CHELAN — After losing money for two years, the Lake Chelan Municipal Golf Course may be in for a few changes.
The Chelan City Council will look at options to manage the 18-hole golf course privately instead of with city-hired workers.
The discussion has raised concern among some longtime golfers who worry their public course could become private, or might cost too much for retired golfers on a fixed income, said Mayor Bob Goedde. Located at 1501 Golf Course Drive above the lake’s north shore, the city has owned and operated the course for more than 35 years.
“We’re not selling it. We’re going to make it work,” Goedde said Monday. “We just need all the options on the table.”
The city will hear about a variety of alternatives — from leasing the course to hiring a private firm to manage it to continuing as a city-operated venture — at a workshop from 6 to 8 p.m. Dec. 6 at City Hall.
Representatives from the private firm, CourseCo, Inc., in California, will be there to answer questions about private management, but no decisions will be made yet, he said.
“What we’re doing is looking at the golf course as a business, and we’re looking at it to pay its own way,” said Charles Sablan, city parks and recreation director.

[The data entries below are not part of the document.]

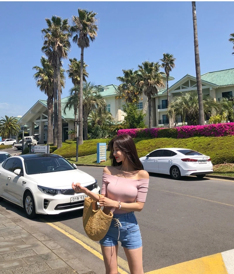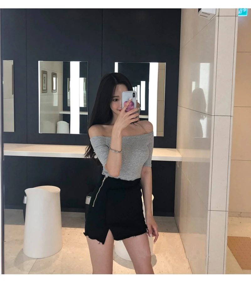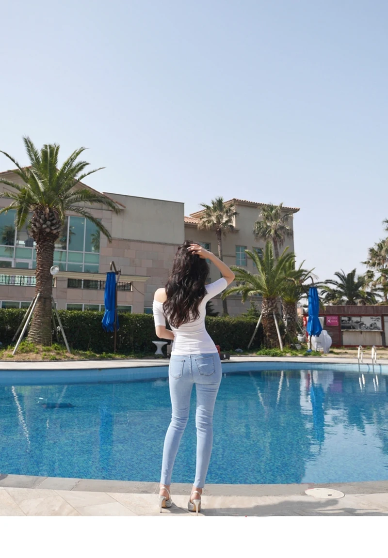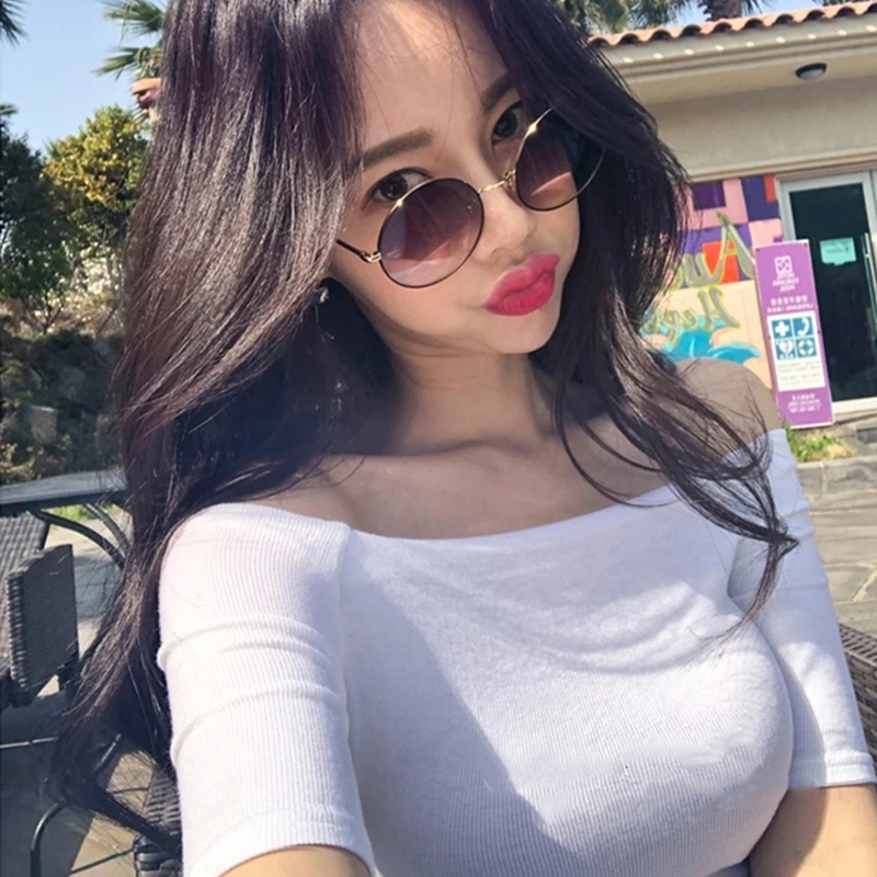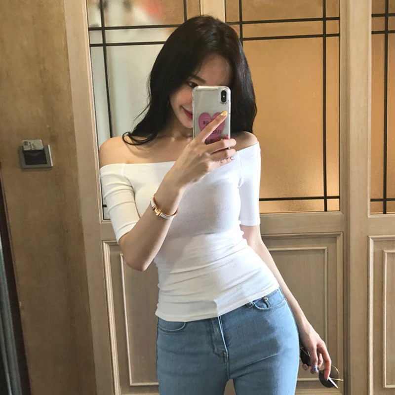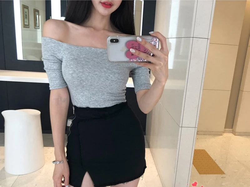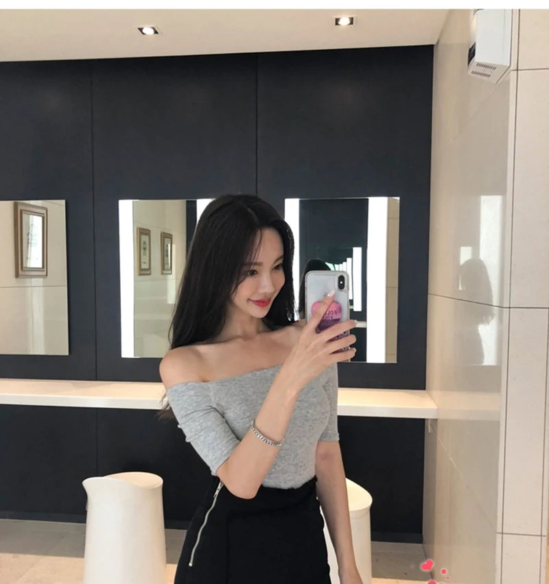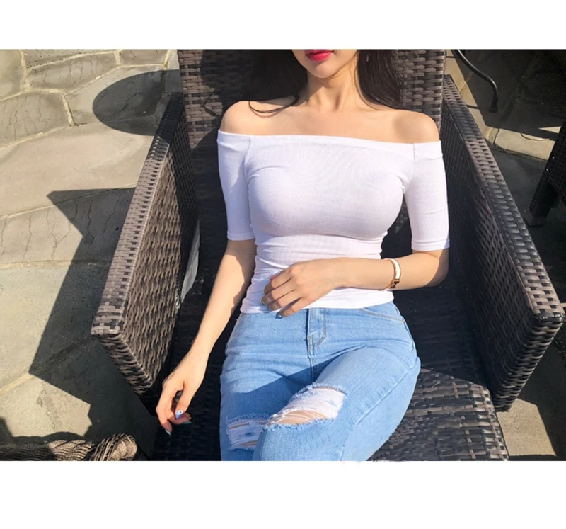 Новый тонкий летний топ, Сексуальная футболка, Женская эластичная футболка, Женский в Корейском стиле, одежда, тонкая футболка, женские повседневные топы с короткими рукавами
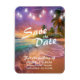 Moderno ahorre el imán boda de fechas combinando elegancia y funcionalidad, haciendo de esta excelente elección para planear su boda de destino de playa tropical. Los elementos de temática de la playa del atardecer tropical, con luces de cuerda, marcan el tono para una celebración verdaderamente romántica e inolvidable. Haga clic en personalizar/personalizar para editarlo más adelante.
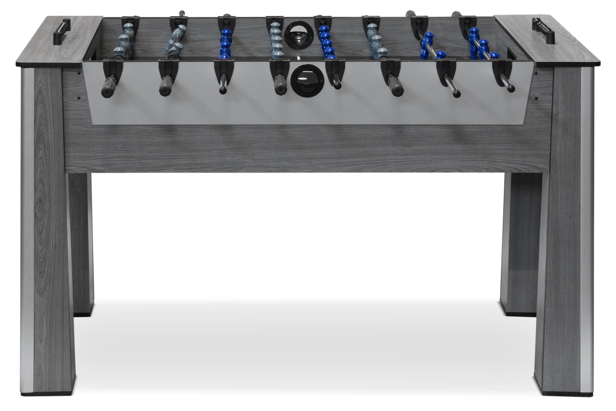 На обоих концах стола расположены механические счётчики голов, а также предусмотрены мячеприёмники и лотки для ввода мячей на игровое поле.
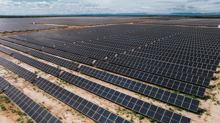 这是2024年6月7日在巴西皮奥伊州拍摄的马兰加图光伏电站(无人机照片)。新华社记者 王天聪 摄
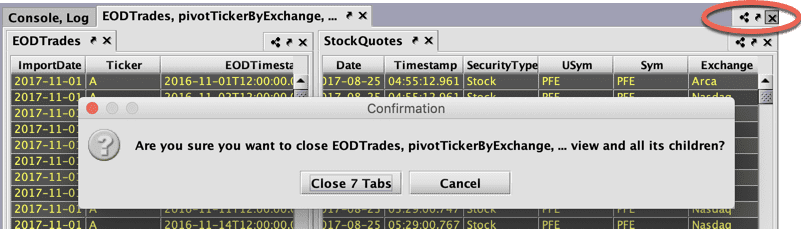 All tabs feature a close button. You can close individual tables in your workspace, or entire panel groups. For example, the multi-close button at the right of the workspace below will close all seven tabs in that group:
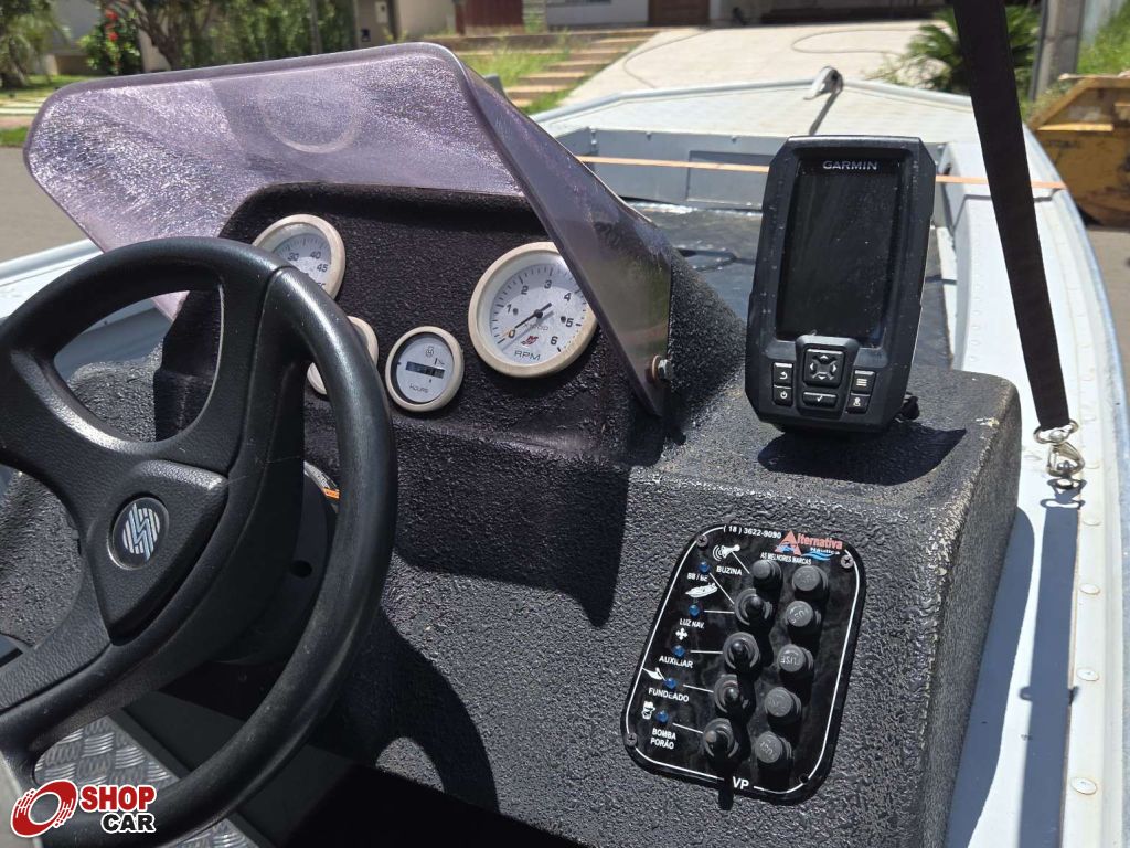 Observações do anunciante:Lancha em bom estado de conservação. Motor 40hp, 2 tempos. Duas baterias de 60a na popa, com chave seletora. Uma bateria de 100a na proa para alimentação do motor elétrico. Compartimento de bagagem na proa. Piso plano. GPS Garmin pra navegação

He said it’s unclear exactly why the course is losing money. Some say the course isn’t as well maintained as it once was, while others blame declining revenues on the recession, fewer golfers, the low cost of a season pass or the lack of marketing, Sablan said. Weather also plays a big role in how many rounds of golf are played each year, he said.
Chelan isn’t the only city with a golf course that’s having trouble staying in the black, said Ed Getherall, senior project director at the National Golf Foundation’s consulting services.
“It’s definitely a trend that municipal golf courses are struggling, and not just recently but over the last decade,” he said. Some are definitely turning to professional management companies, or lease agreements, for help, he said.
Getherall said that it’s largely a market issue. Across the country, many new golf courses were built in the 1990s, causing an oversupply of golf courses in some markets, he said. The sluggish economy hasn’t helped.
Getherall added that golfing fees won’t necessarily go up if the city decides to lease or hire a private firm to manage the golf course. Public employees tend to require more wages and benefits, he noted, so a privately-run course can save money on labor costs. Four full-time employees — including a golf pro and an assistant golf pro, a greenskeeper and a maintenance employee — along with several part-time seasonal employees, are currently paid by the city.
Cheryl Grant, the city’s finance director, said the financing issues at Chelan’s city course are complex, but when looking solely at maintenance and operations at the city-operated course, it lost more than $23,000 in 2010, and nearly $40,000 in 2011. The city has also spent more than $900,000 for equipment and capital improvements over the last 10 years, and for the golf course to be truly self-supporting, it must also cover those costs, she said.
Grant added that an embezzlement from the course’s pro shop in 2009 and 2010 didn’t help its revenue issues, but isn’t at the root of the problem.
A former Cashmere resident pleaded guilty last year to stealing as much as $10,000 from the shop to help finance her schooling. The city reported that almost $20,000 was missing.